Moving on – leaving icix.com after 11 years

icix_logo

It’s been a weird, strange kind of a day, because today marks my last day working with icix.com. I don’t have my diary for 2003 anymore, but nearly 11 years ago, around the middle of August, I took a call from my youngest child’s godfather, who coincidentally happened to be an advisor and mentor to a bunch of startups and business people.

He told me he knew of a couple of guys who had secured investment and were trying to build a web site, but having problems coming up with something that worked. I said I’d go and have coffee with them, and in a dingy office on the NEC campus in Melbourne I met Matt Smith and Tim Marchington, the founders of icix.

Before too long the “coffee” morphed into them asking me to build a site, from scratch, to be ready in 5 or 6 weeks, without access to the previous developer’s 6 month’s worth of work. A short time frame, but we prevailed and to cap everything off, Tim’s wife gave birth the day the site launched – two births in one day!
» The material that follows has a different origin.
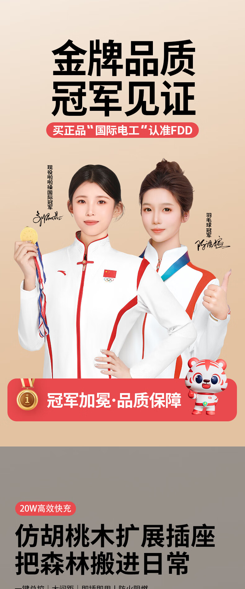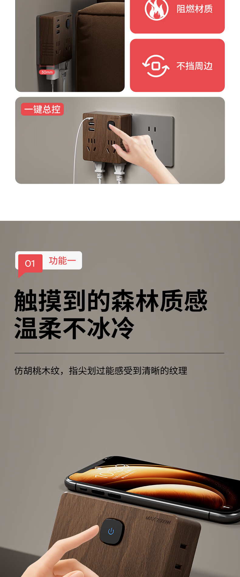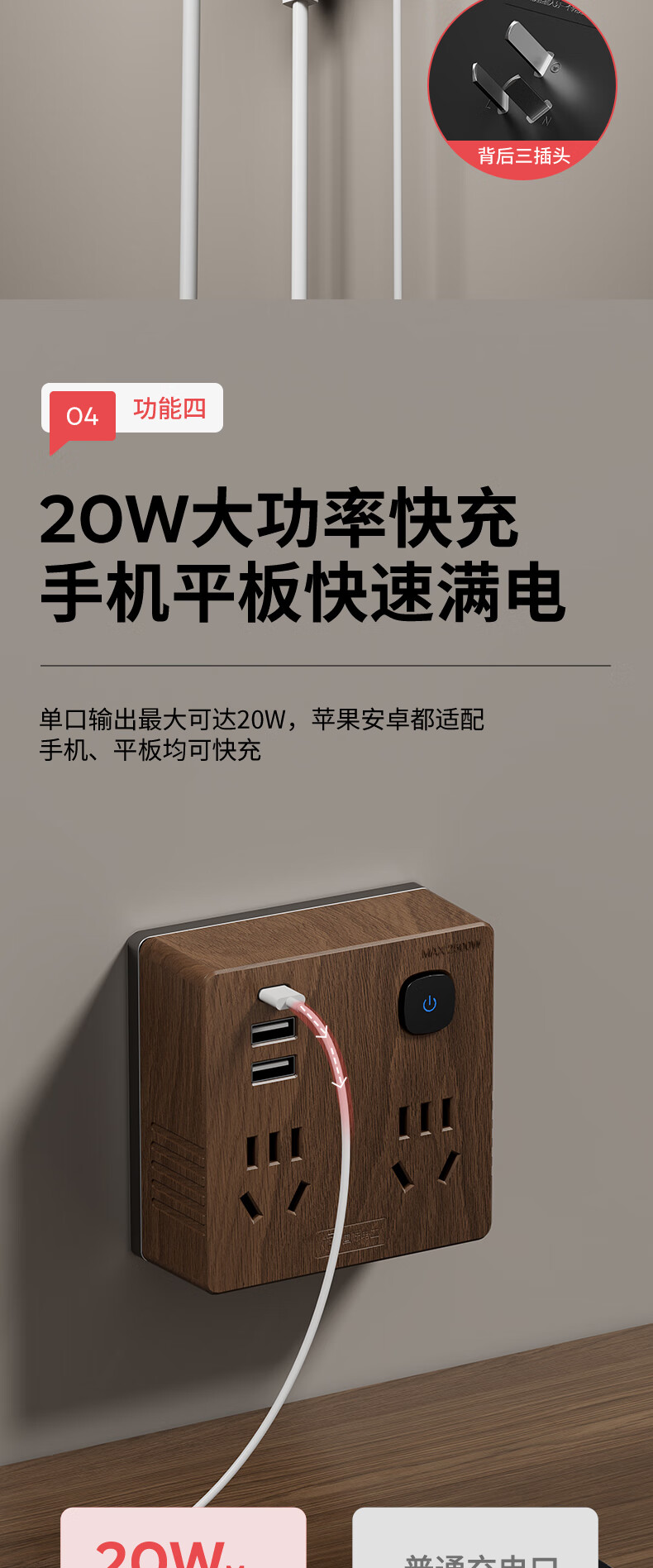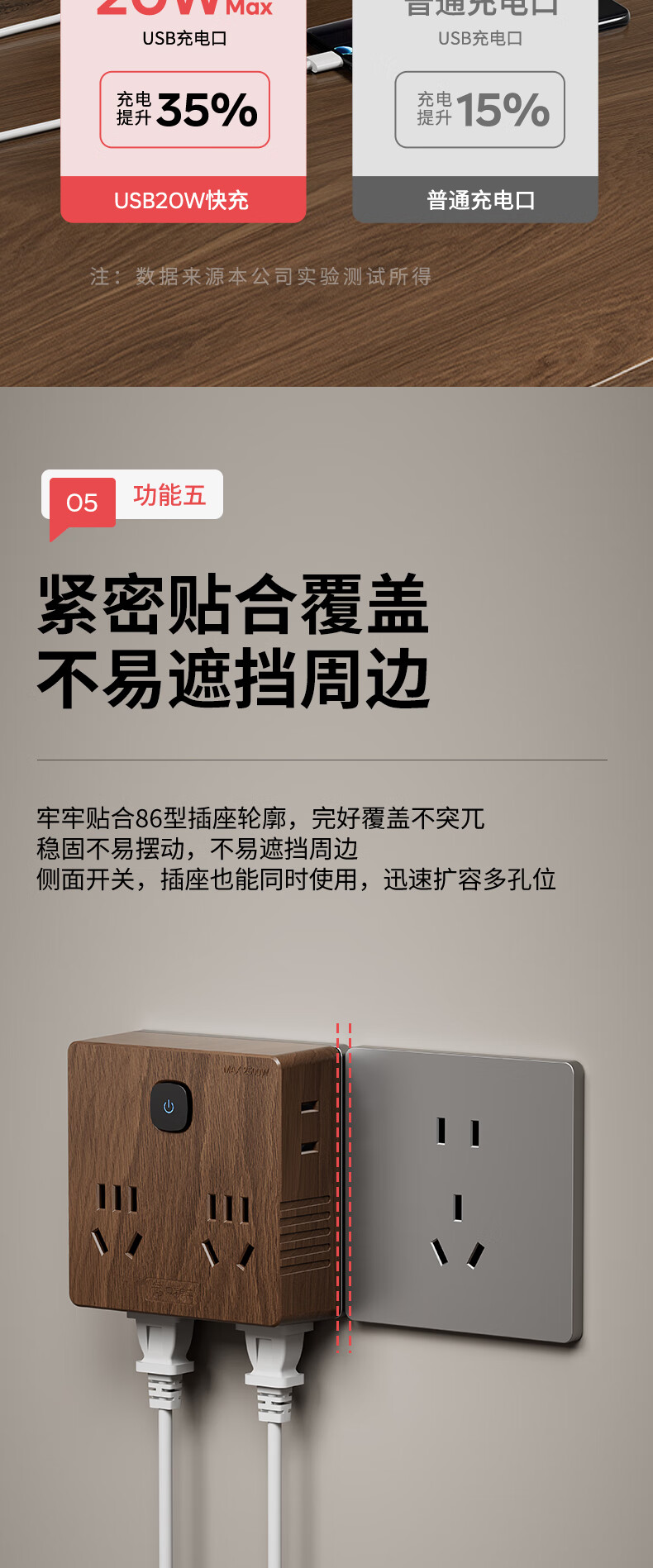 国际电工86型扩展插座一转多功能墙壁转换插头床头书桌直插式拓展插座 胡桃木色丨一转四插座(14孔)

Since then I’ve worked almost continuously for icix, although with a bit of a break in the mid-2000s after the sale of our Artshub business and the birth of our youngest child. She had a number of health issues, starting with severe epilepsy at 5 months old, and culminating in open heart surgery at 20 months, so we took a great deal of time out from all work related projects to look after her, something I am grateful the Artshub sale money enabled.

I wish I could say I am leaving icix because I’ve had a better offer, sadly I cannot. After spending 12 months trying to firm up my ongoing contract status we were not able to come to an mutually agreeable arrangement.

Maybe it’s a cultural difference but Americans seem to favour the shock and awe approach to any negotiation, I’ve seen even the most inane meeting turn into a slanging match in my time in San Francisco. Many Americans in business appear to regard the smallest negotiation as a competition, ignoring that this only results inevitably in a winner and a loser. It’s in contrast to my experience in Australia, and indeed the UK, where in general a consensus approach is more the norm. Obviously tough decisions can lead to disharmony, but I always feel a more collaborative attitude prevails, seeking to find the balance between the needs of all parties, whether it’s deciding on a venue for lunch or negotiating the sale of a company.

In this instance, after a year of being told how valuable I was to the company, how they’d welcome an opportunity to provide me with pathways to expanding my contribution, eventually I was presented with a contract offer with a pay rate less than I was paid to build the original icix site all those years ago. I felt incredibly disheartened, not just because the amount was so low, but because it seemed the last 10 years had not mattered one jot.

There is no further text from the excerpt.